Developed by Russian Imperial Army Captain Sergei Mosin and Belgian firearms wonk Léon Nagant, the M91 Vintovka Mosina was a steel and arctic birch-clad beast that stood as tall as the Ivan who carried it – especially when topped by its always present no-nonsense spike bayonet. Designed to equip the largest army in the world at the time, the humble Mosin uses a strong turn-bolt-action fed from a five-round internal box magazine that could be charged with stripper clips and was innovative in its day, coming only a few years after the revolutionary M1885 Remington–Lee rifle.
The Mosin was an instant hit, replacing the Russian Army’s single-shot .42-caliber Berdan rifle systems and even older Krnka pattern guns adopted just after the Crimean War.
Chambered in 7.62x54R, which was also developed in 1891, the original Mosin-Nagants utilized Imperial Russia’s old Tsarist measurement system, with sights calibrated in “arshins” rather than meters, feet or yards, and the caliber measured in “liniyas” rather than millimeters or fractions of an inch. As such, the M91 was originally described as the “3-line rifle,” after its chamber bore.

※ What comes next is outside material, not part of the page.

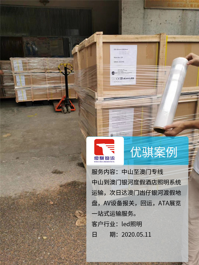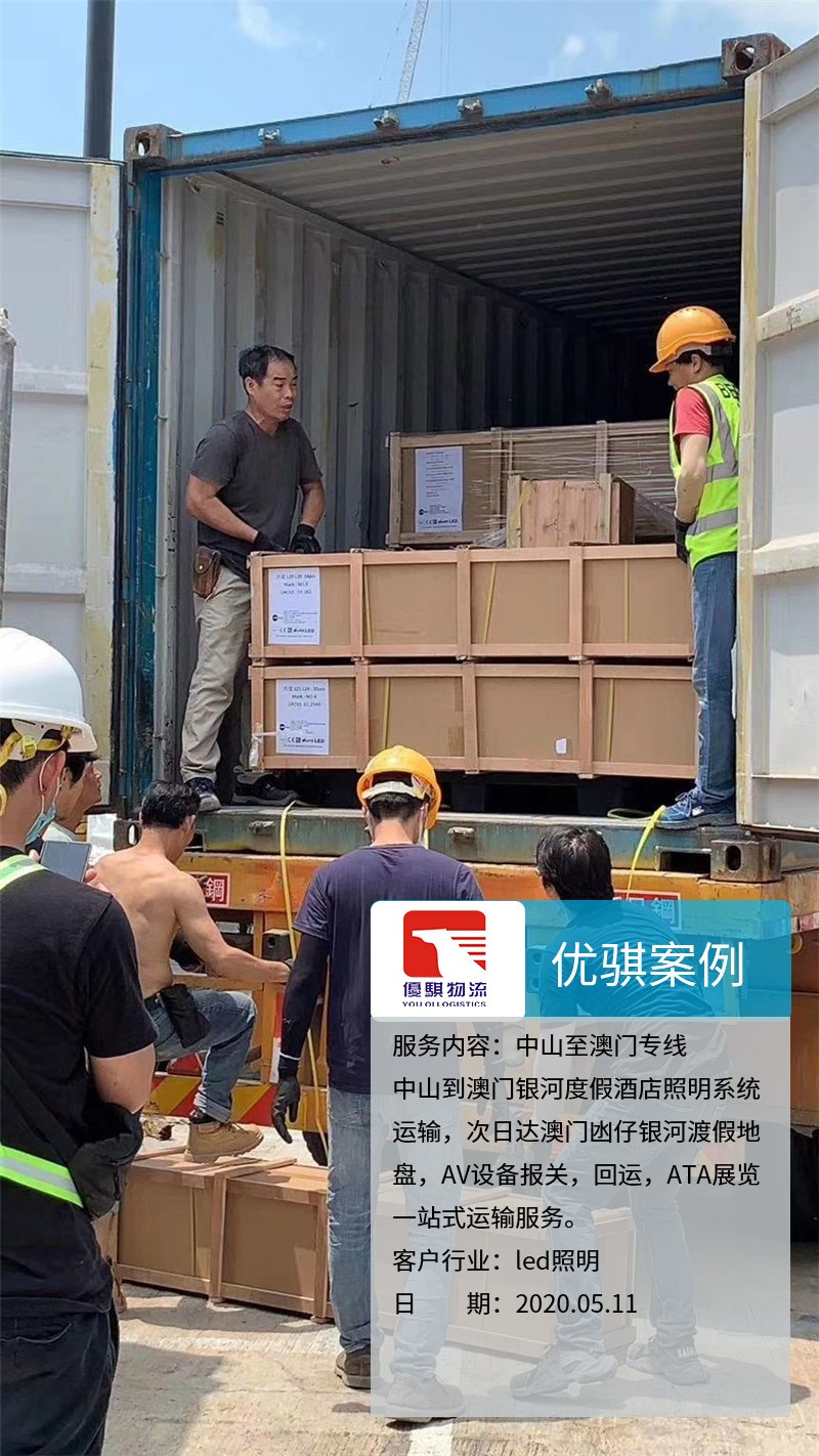 業(yè)務內容:中山到澳門銀河度假酒店照明系統(tǒng)運輸,次日達澳門凼仔銀河渡假地盤,AV設備報關,回運,ATA展覽一站式運輸服務。客戶行業(yè):LED照明客戶來源:老客戶介紹自從我們中山優(yōu)騏物流開通了中山至澳門的物流專線以后,很多原來物流的同行都介紹業(yè)務過來。這個客戶是從中山發(fā)燈具到澳門,整個AV設備報關,回運,ATA展覽都是我們完成,獲得了客戶的一致好評,期待下一次的合作。

With the first guns made in France by Chatellerault (makers of the Lebel rifle) in 1891, the gun later went into production in at least three factories in the Motherland. During the Great War, with the Tsar’s legions swelling from 3 million to 15 million men, domestic production fell hopelessly behind and millions of additional Mosins were ordered from Westinghouse and Remington in the U.S. — of which few were delivered before the Bolsheviks came to power and pulled Russia out of the conflict.
Still, the Mosin, with its first world war behind it, was revamped into the more modern and easier to produce M91/30 model in 1930, with new production guns crafted to the updated specification and legacy models in Soviet armories upgraded to the same standard.
This is the rifle that the majority of Stalin’s “frontoviks” carried with them from the gates of Moscow to the streets of Berlin during what the Russians still term the Great Patriotic War, known in the west just as WWII.
The M91/30 Mosin-Nagant model, which first went into production in the Soviet Union in the 1930s and was retrofitted to older guns in the Red Army’s arsenal, is among the most common Mosin that we have in the Vault, with over a dozen typically in stock at any given time. They are easily identified from the older M91 models as they have sights graduated in meters and a round receiver rather than the older octagonal or hex receivers.
In the tail end of WWII, the Soviets again updated the then 50-year-old M91 Mosin-Nagant design, making the short M44 series rifle. Whereas the M91/30 originally had a 29-inch barrel, the M44, a carbine-length rifle, had a 20-inch barrel and carried a side-folding spike bayonet.
Another variant that has been making its way to U.S. shores is the M91/59, which are typically older M91/30 rifles that were given the M38/M44 treatment sans the folding bayonet. These are called “KGB” guns as their use and design, created in 1959 — long after the Soviets had gone to the Kalashnikov series rifles — is somewhat shrouded in mystery but is thought to have been used by KGB border guards.
With over 37 million assorted Mosins cranked out since 1891, the guns have been produced everywhere from France, Russia and the U.S. to Poland (by Radom), Finland (by Sako and VKT), Hungary (by FEG), Romania, and elsewhere. In Communist China, the gun was adopted as the Type 53 before the People’s Liberation Army went SKS and AK.
Still regularly encountered around the globe from parades in Red Square to Third World hotspots in the Middle East and Latin America, the Mosin remains in factory production in Russia by Molot for sporting purposes. Here in the states, even though the days of cheap crates of 91/30s fresh off the boat after a recently thawed Cold War seem to be in the rearview, the “Nugget” has proved popular with collectors and shooters.